Lao Ya Dureuz prit place. Convive parmi les convives il fut servi du plat principal et unique. Ainsi pas de carte, pas de choix, l’usage voulait que le maître des lieux eût tous les droits sur les visiteurs et bienheureux ripailleurs.

Sur une large assiette de terre cuite, les légumes cuits étaient disposés avec leur jus sur une mince tranche de filet d’une volaille. Ce volatile plumé avait été préparé la veille dans un jus déshuilé à la vapeur d’une décoction florale. Coupé en fines lamelles, la viande gardait la tendresse d’une caresse prête à recevoir l’exaltation d’une fournée chaude de légumineux tout aussi colorée qu’un tableau printanier. Malgré la rudesse du découpage et la simplicité de la préparation, les légumes gardaient leur prestance originelle. Fermes, onctueux, et cuits à point, ils convenaient à toutes mastication qu’elles fussent édentées ou pas.

Il y existe des tableaux que l’on a envie de toucher pour savoir si c’est réel. Et puis, il arrive que l’on s’arrête devant une si belle chose que l’on puisse rien faire. 

Stoïque, pétrifiée comme la pierre statutaire d’un mausolée à la gloriole d’un nuisible, Lao Ya Dureuz regardait son assiette en admiration gustative. Tous ses sens étaient en effervescence et il ne pouvait bouger. Comment pourrait-il casser ce bel équilibre gastronomique ? 

Le temps passa comme la confusion de Mauricette devant une biche gratinée aux quatre fromages, trop peu certainement.
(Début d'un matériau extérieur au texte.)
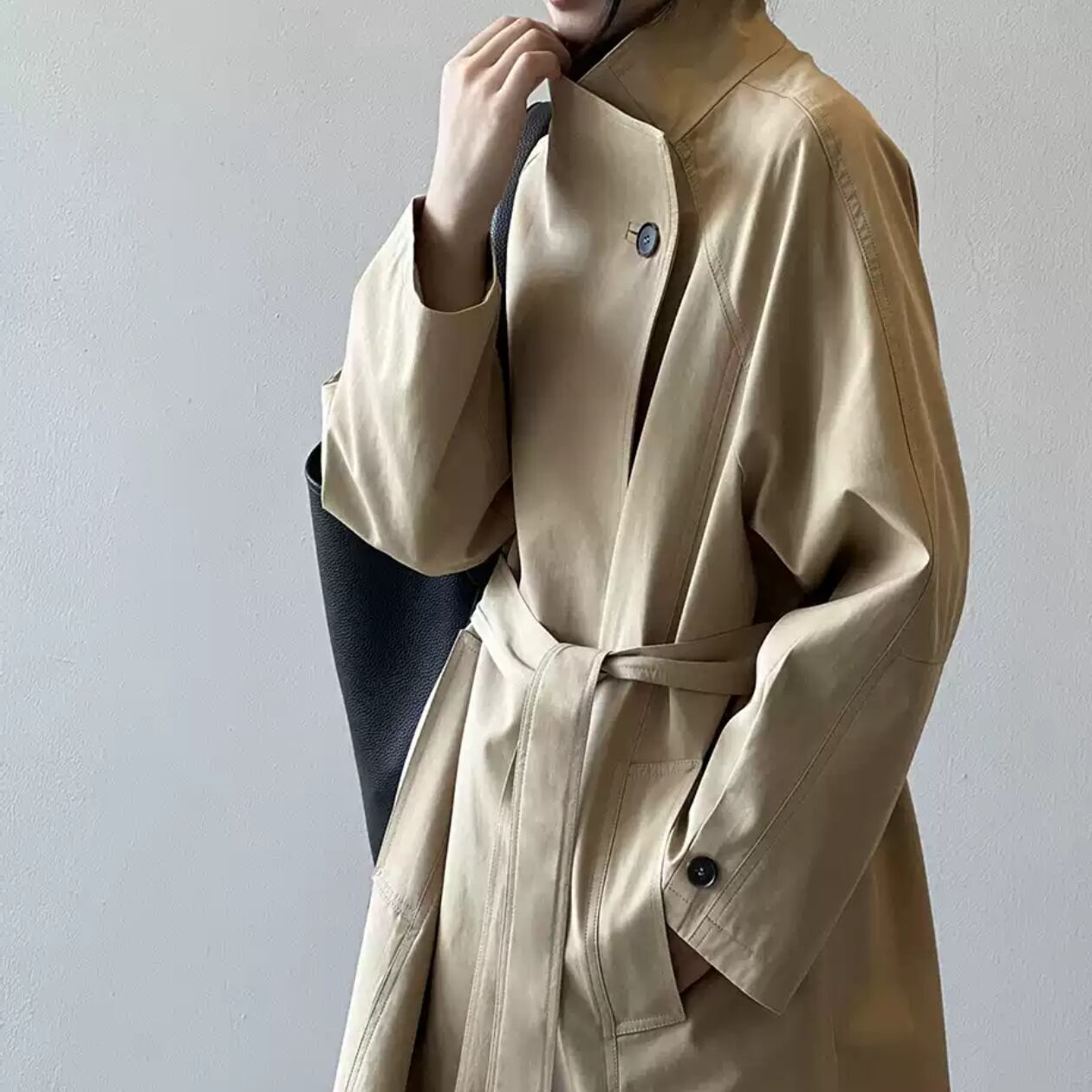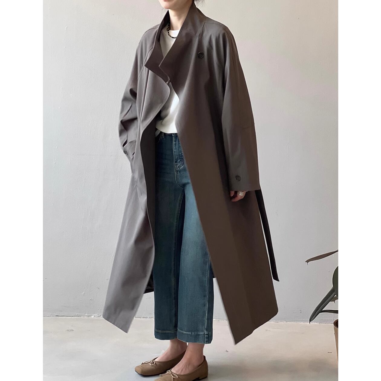 スタンドカラー比翼仕立てのロングジャケットは、一枚で着映えする優秀アイテムです☆
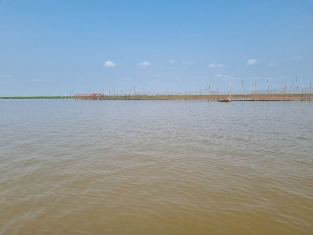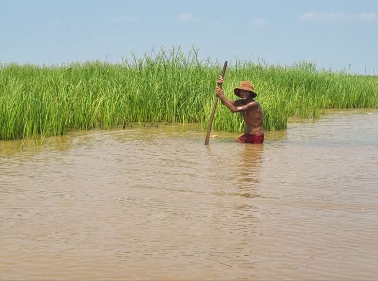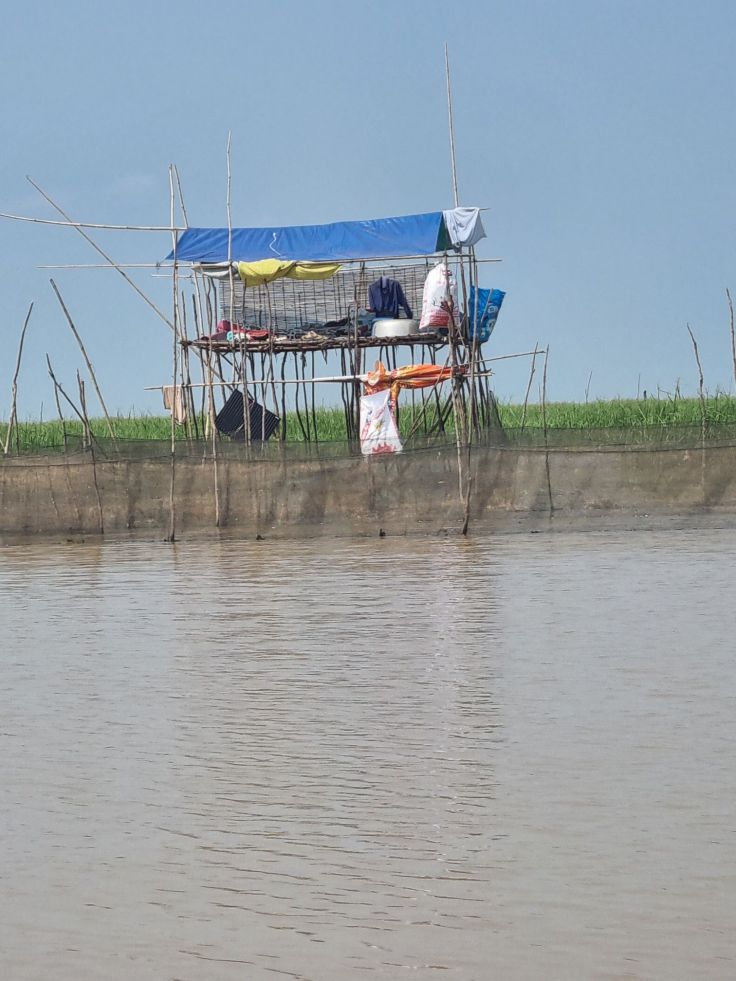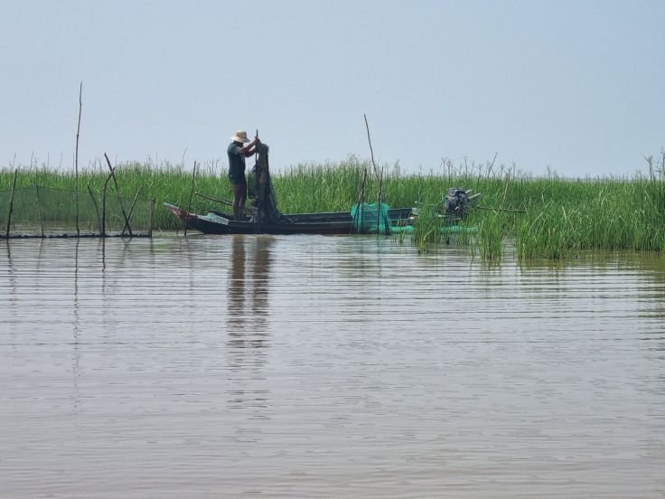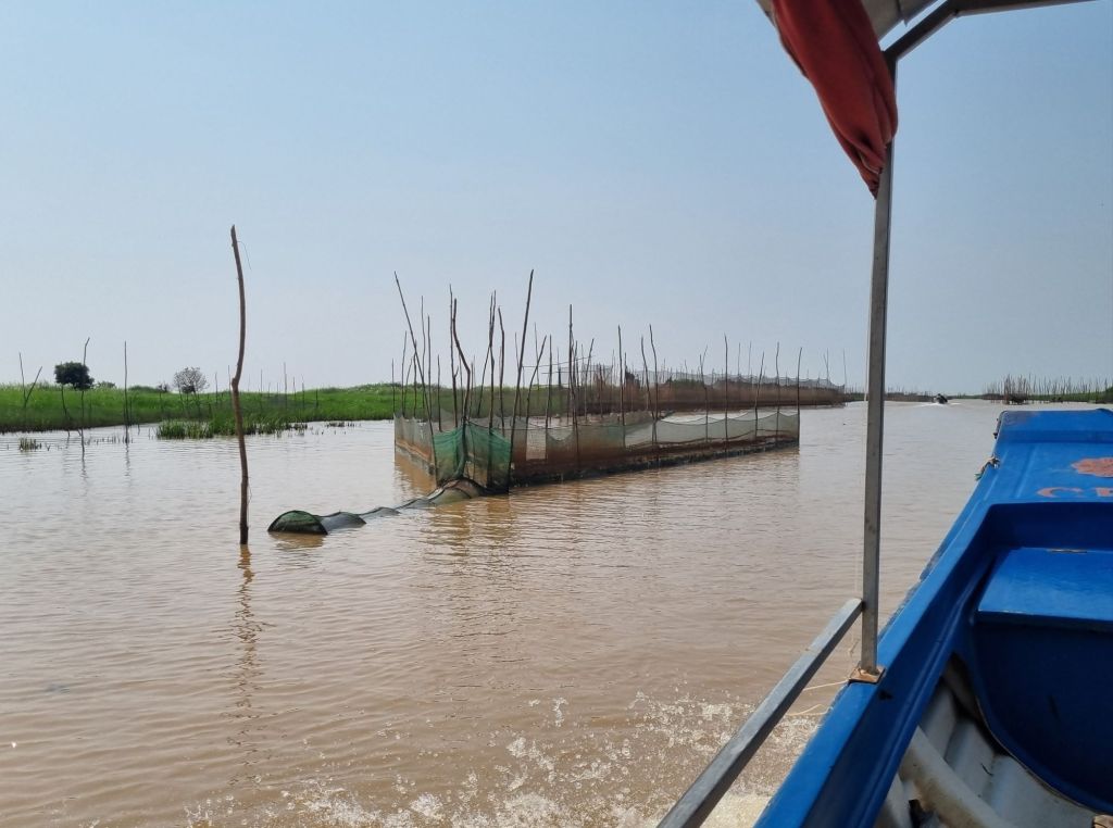 Etwas weiter im See werden die Häuser weniger, statt dessen können wir hier den Fischern bei der Arbeit zuschauen und deren Netzkonstruktionen bewundern. An den teils watenden Fischern ist zu sehen, dass der See insbesondere jetzt in der Trockenzeit sehr flach ist. Wir fahren eine ganze Weile auf einem immer breiter werdenden Seitenarm, an dessen Rand sich scheinbar endlos (Schilf-)Gräser und Mangroven erstrecken. Diese bilden den Schutz für die Kinderstuben der Fische. Schließlich kommen wir am „offenen See“ an, der sich hinter einer Reihe von Netzen bis zum Horizont erstreckt.

La première bouchée fut, à raison, l’explosion prophétisée. Toutes les saveurs fusionnaient à chaque concassage. On ne comptait plus les arabesques parfumées si différentes à la veille de leurs rencontres. Une main experte, sensuelle, avait concocté cet dans un geste contrôlé ce doux assemblage. Il n’y avait ni rareté ni foison dans le complexe mélange des saveurs. Lao Ya Dureuz toujours avide de la connaissance souhaita rencontrer celui qui avait commis cette assiette. 

Fallait-il s’y attendre ? Une fois de plus, l’incalculable prêtresse de la sédimentation gastronomique avait fait un tour à Lao. Cette poétesse de l’art culinaire avait réussi à tendre ce piège gourmand. Un fumet si bien dosé, elle était sûre que le Grand Sachant n’aurait pas pu résister et serait venu ventre à terre se délecter. Li Chou Ze connaissait bien son ami, esthète de la bonne fourchette et méticuleux dans l’assaisonnement des filandreux. 

Elle avait pris la place en ce jour de la cuisinière attitrée et bienveillante du lieu. Les convives du moment étaient des habitués, bien contents de participer à cette belle surprise. 

Lao Ya Dureuz fut bien content de revoir Li Chou Ze toujours disposée à trouver de nouveaux paysages appétissants pour les muqueuses de ses invités. Elle avait réussi à réveiller l’indolent foisonnement des sens du Grand Sachant. Il avait terminé son assiette et fermant les yeux, il savourait cette vague déferlante d’aliments. Et c’était bon. 

Voilà en résumé le destin d’une petite balade champêtre, au coin d’une cheminée au foyer rougissant, Lao Ya Dureuz avait goûté l’instant d’une grande faveur offerte par son amie Li Chou Ze. Que dire maintenant, sinon refermer la porte de l’Auberge et regarder au loin les fumets qui s’échappent vers les nuages. Simplement.